Visualization and Rendering

All visualizations accompanying this article were made by myself using C++ and OpenGL4. To do this I utilize my own TinyEngine, which acts as a small convenient wrapper.

In SoilMachine, I visualize the layer map using the OpenGL AZDO technique “vertex pooling“. A detailed explanation on how vertex pooling works can be found on my blog here.

The layer map class implements a few functions for filling the vertex pool with data for rendering.
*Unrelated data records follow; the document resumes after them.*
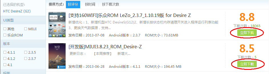 到ROM市场找到你手机型号的ROM,以Desire Z为例,选择自己想要刷入的ROM包之后,点击下载即可。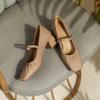 Sheepskin square head thick heel single shoes women's medium heel soft leather grandma shoes one-word buckle Mary Jane shoes spring and autumn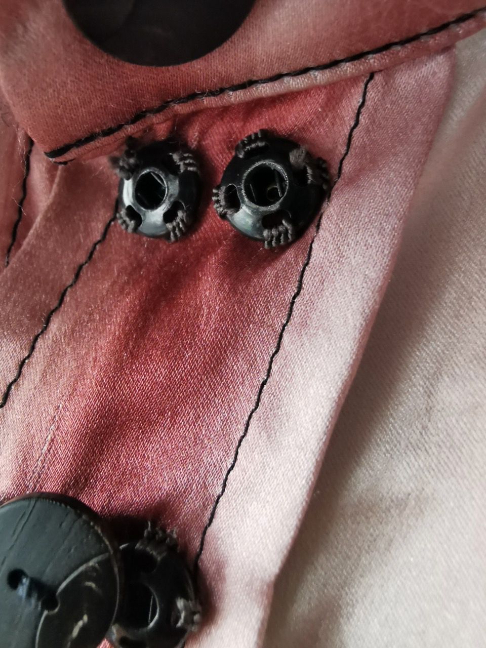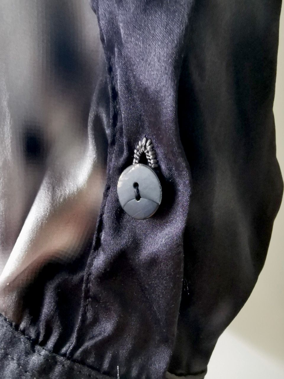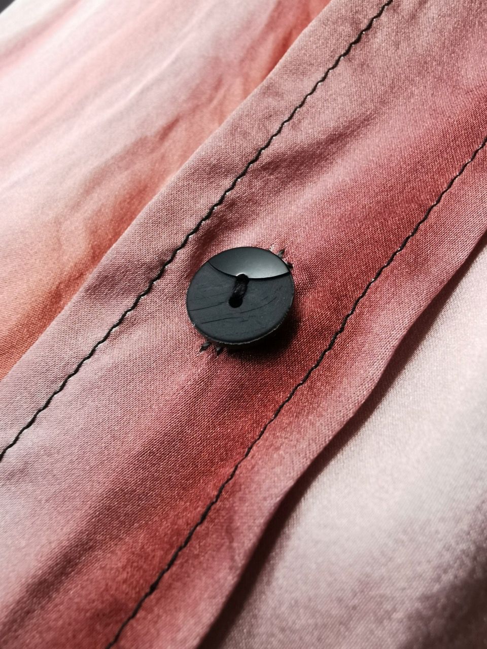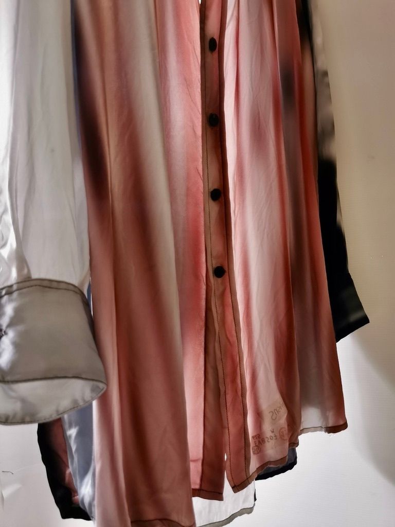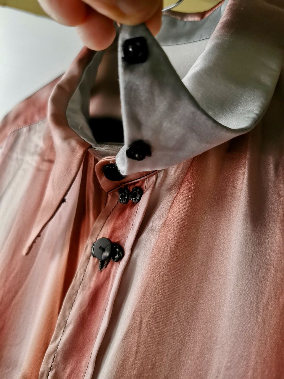 THIS super limited edition edition GBS Evolution VIII EV8S07 handmade shirt design is one of only 10 pieces of its kind being made by hand in the entire world, each made exclusively for Darklands in Berlin from our “extensionism" elongated proportion version of a classic European-fit tailored men’s shirt pattern from our extensive tailoring research, and cut using a luxury pure silk 16-momme raso satin exclusive “extensionism” cutting edge rose oil tanker distortion print design fabric made only for us by the legendary Brenna family in Como, Italy-- the world’s leading center for fine silk fabric creation, then specially washed and treated by hand in our world-famous GBS Superworkrooms for extra aging, shaping and softness. The design features a longer 92cm length classic European tailored men’s shirt cut and design with a sharp useful matching cross body bag made in our workrooms--and spectacular ultra-advanced extended point narrow spread collar with a hidden Italian automatica metal micro pressure button system to lock down its striking profile and position- impeccably hand sewn in pure silk threads with impeccable clean-finished all french-seamed interior construction, all single-needle tailoring throughout, classic mitre-construction handcutsleeve plackets, all new advanced 2-tone “opaco e lucido” shiny and matte graphic surface pure horn button designs made only for us by the world’s greatest living buttonmakers—Claudio and Cinzia Fontana in Parma; and no less than 12 of our signature real hand-stitched buttonholes (each one required 10-12 minutes to cut and sew) in luxurious pure silk Bozzolo Reale Milano Seta threads. The piece also features our world leading pure silk label created exclusively for us by Mion SpA in Torreglia which is the first label in the luxury industry to completely eliminate plastic polyester yarns in it—beautifully attached all by hand using pure silk threads. Variations in color and color density are not imperfections or irregularities, but specific characteristics of the special fabric and hand making technique. Please treat buttons and buttonholes with care. We recommend professional clean only or hand wash cold water and protecting buttons with foil or plastic wrap when washing. Do not put in washing machine or machine dryer.

The exact same technique is also used in the visualization of the current iteration of my Simple Hydrology project.

The advantage of vertex-pooling is that it does not require re-meshing to update the visualization.
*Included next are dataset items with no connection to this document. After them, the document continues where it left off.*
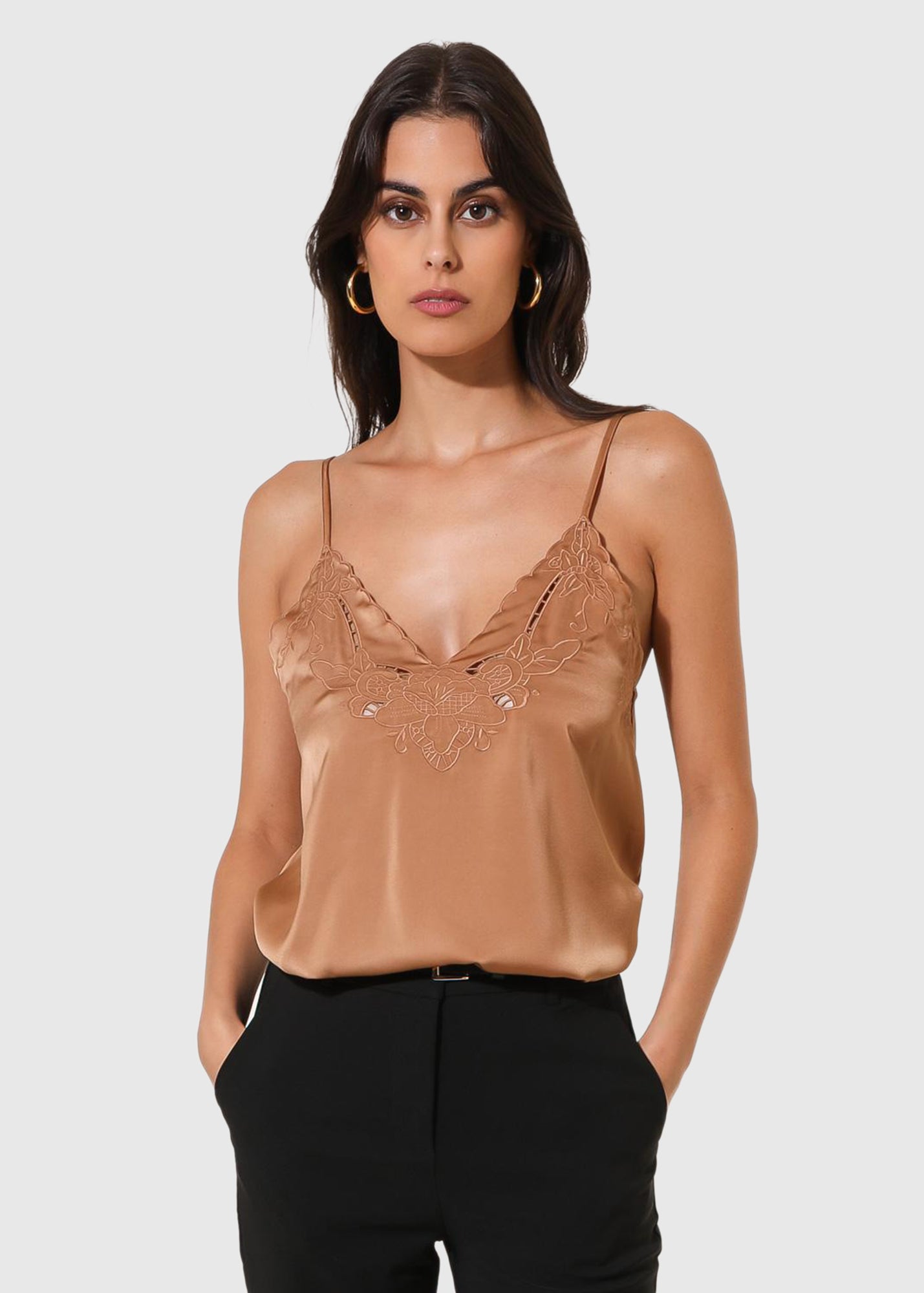 Crocifissa light brown thin shoulder straps top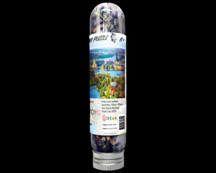 Lägg ett minipussel på 150 bitar med ett vackert motiv av Stockholm. När det är färdiglagt har det storleken av ett vykort (10×15 cm). Bild på motivet ligger i tuben.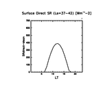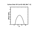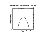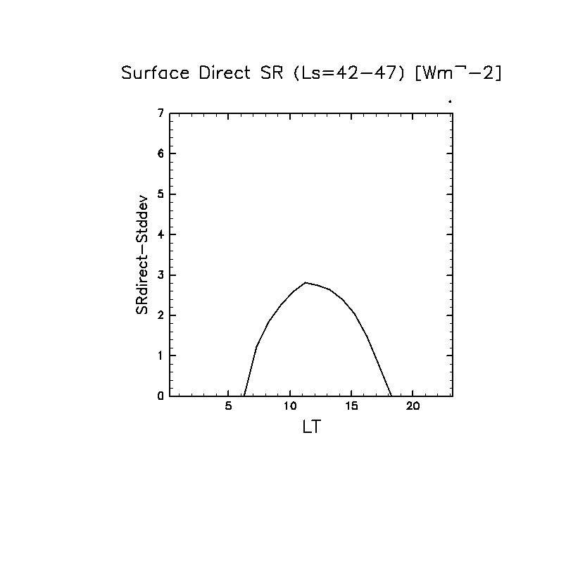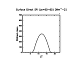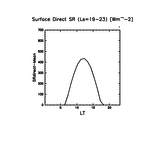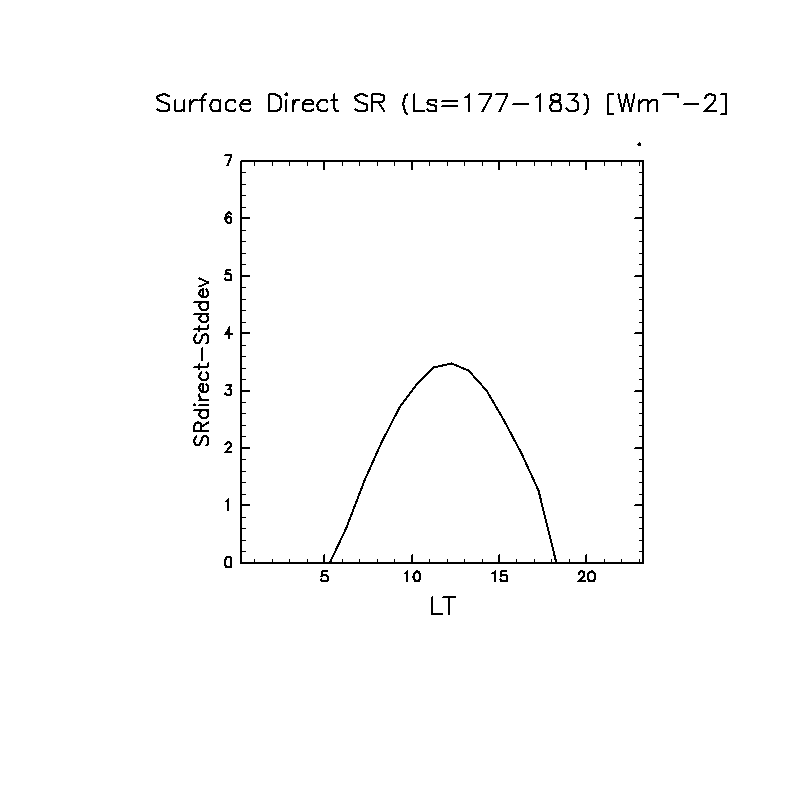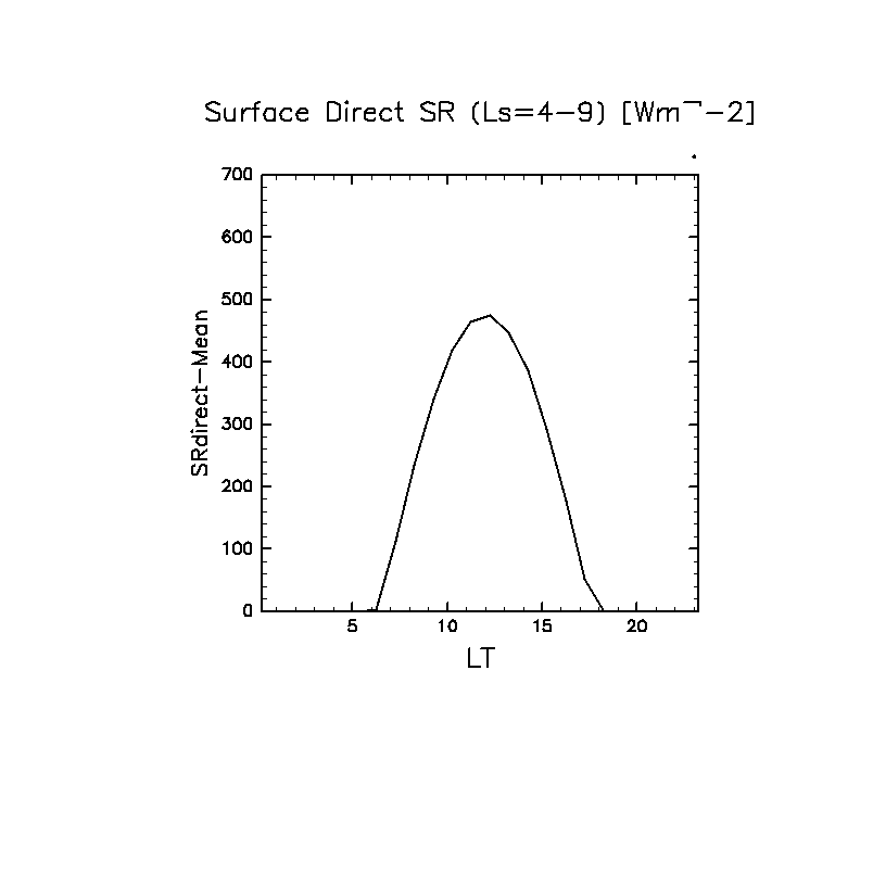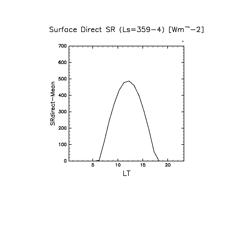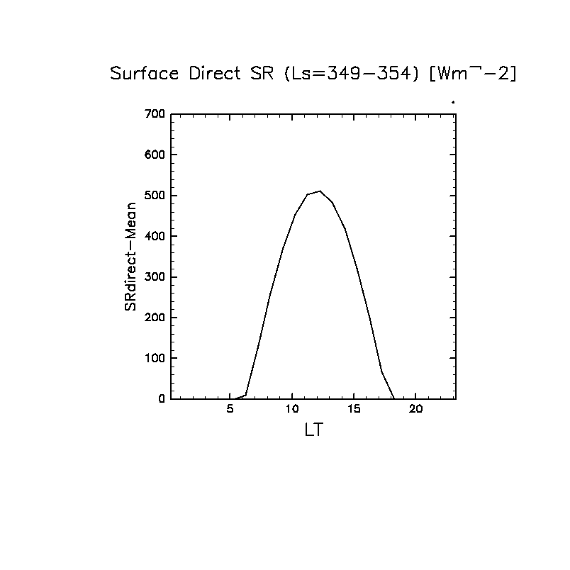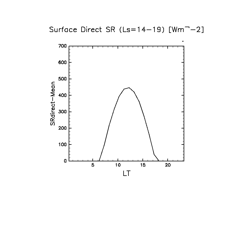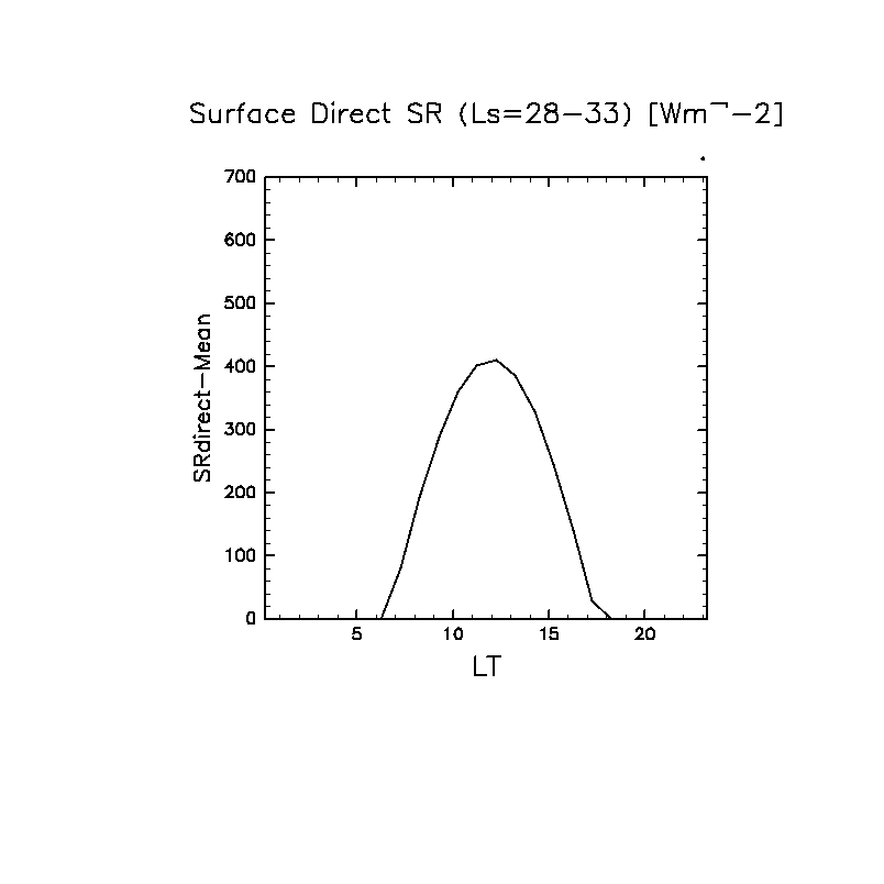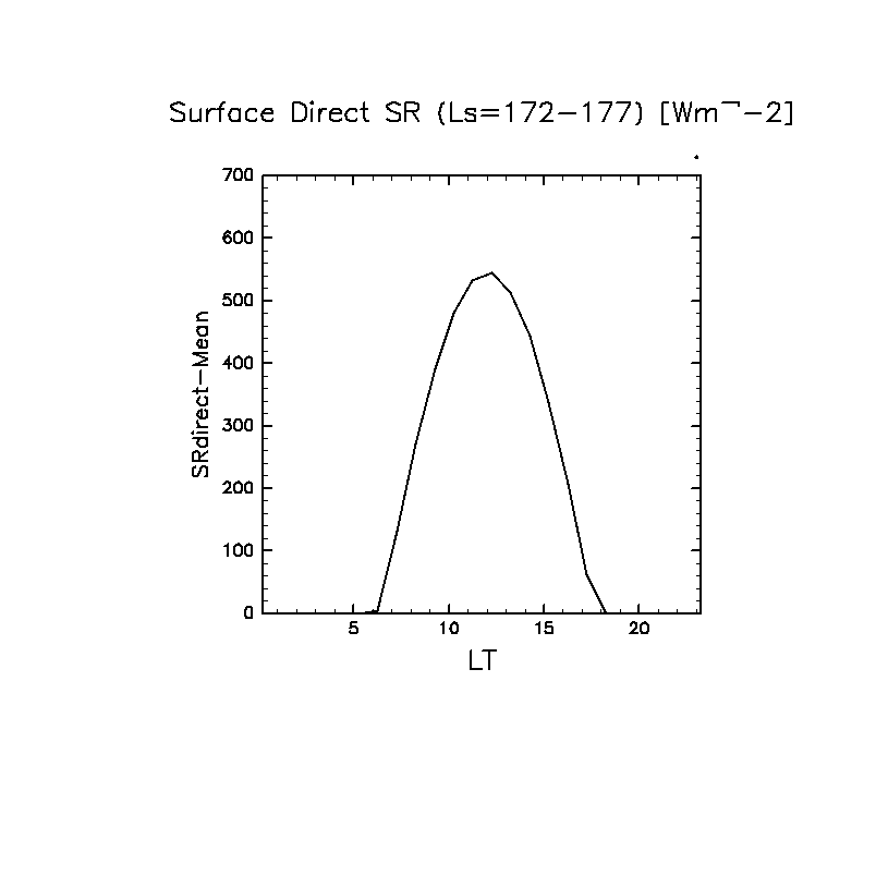 地表における直達太陽放射 (下向きを正, 実線は平均, 破線は大気上端)

Note: Vertex pooling was originally written for use with a voxel engine but can be seamlessly applied to terrain rendering.

Multi-Layer Multi-Erosion

The main goal of multi-layer erosion is to simulate multiple erosion processes on maps with non-homogeneous soil composition and distribution.
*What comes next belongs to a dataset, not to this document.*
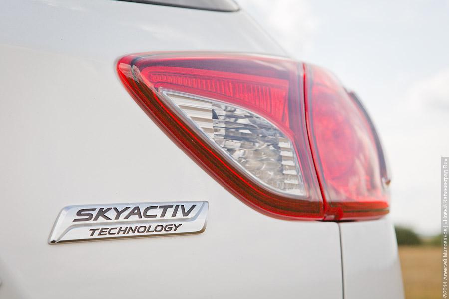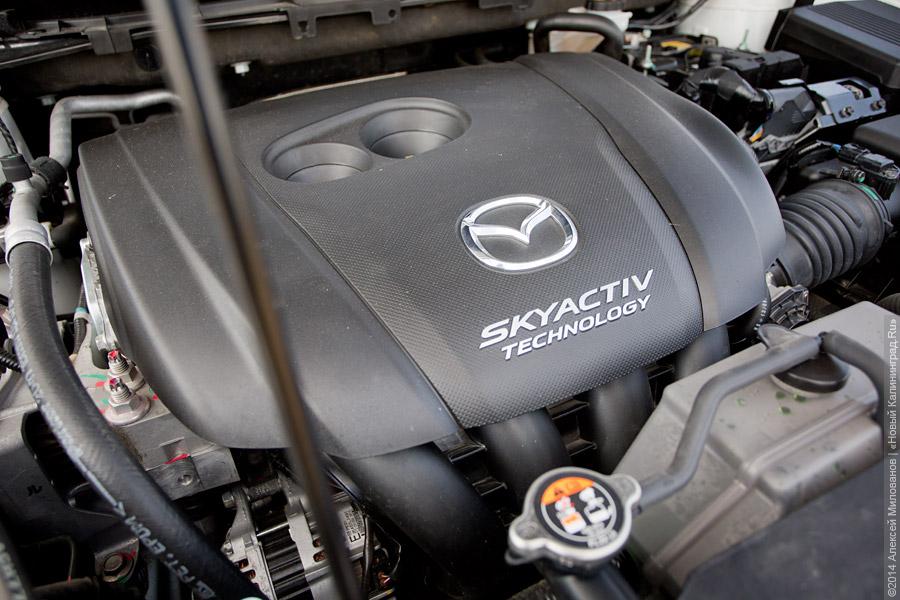 Под нашим капотом оказывается мощный 2,5-литровый бензиновый атмосферник, построенный японскими инженерами с использованием технологий SkyActive. Самое невероятное в нем — степень сжатия — 14:1! Просто сравните: у болидов «Формулы-1» это отношение редко превышает 12:1. 14:1 на гражданском моторе? Да его же разорвать должно от детонации! Но… не разрывает. Зато позволяет значительно улучшить эффективность за счет большей экономичности и лучшей тяговитости, говорят японцы.

In this section I would like to explain how the layer map achieves this and allows for simultaneous simulation of hydraulic, thermal and wind erosion.

Additionally, I would like to present how the layer map elegantly handles surface and sub-surface water using layer saturation values, and explain my implementation of pooling (surface and sub-surface, i.e. lakes and ground water in one unified system).

Soil Types and Properties

Different soil types and properties are implemented as a surface parameter struct containing all erosion parameters.

struct SurfParam {

  //General Properties

  string name;
  float density;
  float porosity = 0.0f;
  vec4 color = vec4(0.5, 0.5, 0.5, 1.0);
  vec4 phong = vec4(0.5, 0.8, 0.2, 32);

  //Hydrologyical Parameters

  SurfType transports = 0;    //Surface Type it Transports As
  float solubility = 1.0f;    //Relative Solubility in Water
  float equrate = 1.0f;       //Rate of Reaching Equilibrium
  float friction = 1.0f;      //Surface Friction, Water Particles

  SurfType erodes = 0;        //Surface Type it Erodes To
  float erosionrate = 0.0f;   //Rate of Conversion

  //Cascading Parameters
  SurfType cascades = 0;      //Surface Type it Cascades To
  float maxdiff = 1.0f;       //Maximum Settling Height Difference
  float settling = 0.0f;      //Settling Rate

  //Wind Erosion
  SurfType abrades = 0;       //Surface Type it Cascades To
  float suspension = 0.0f;
  float abrasion = 0.0f;      //Rate at which particle size decreases

};

The set of surface parameters is stored in a global vector, and the indices of different soils are accessible using a map.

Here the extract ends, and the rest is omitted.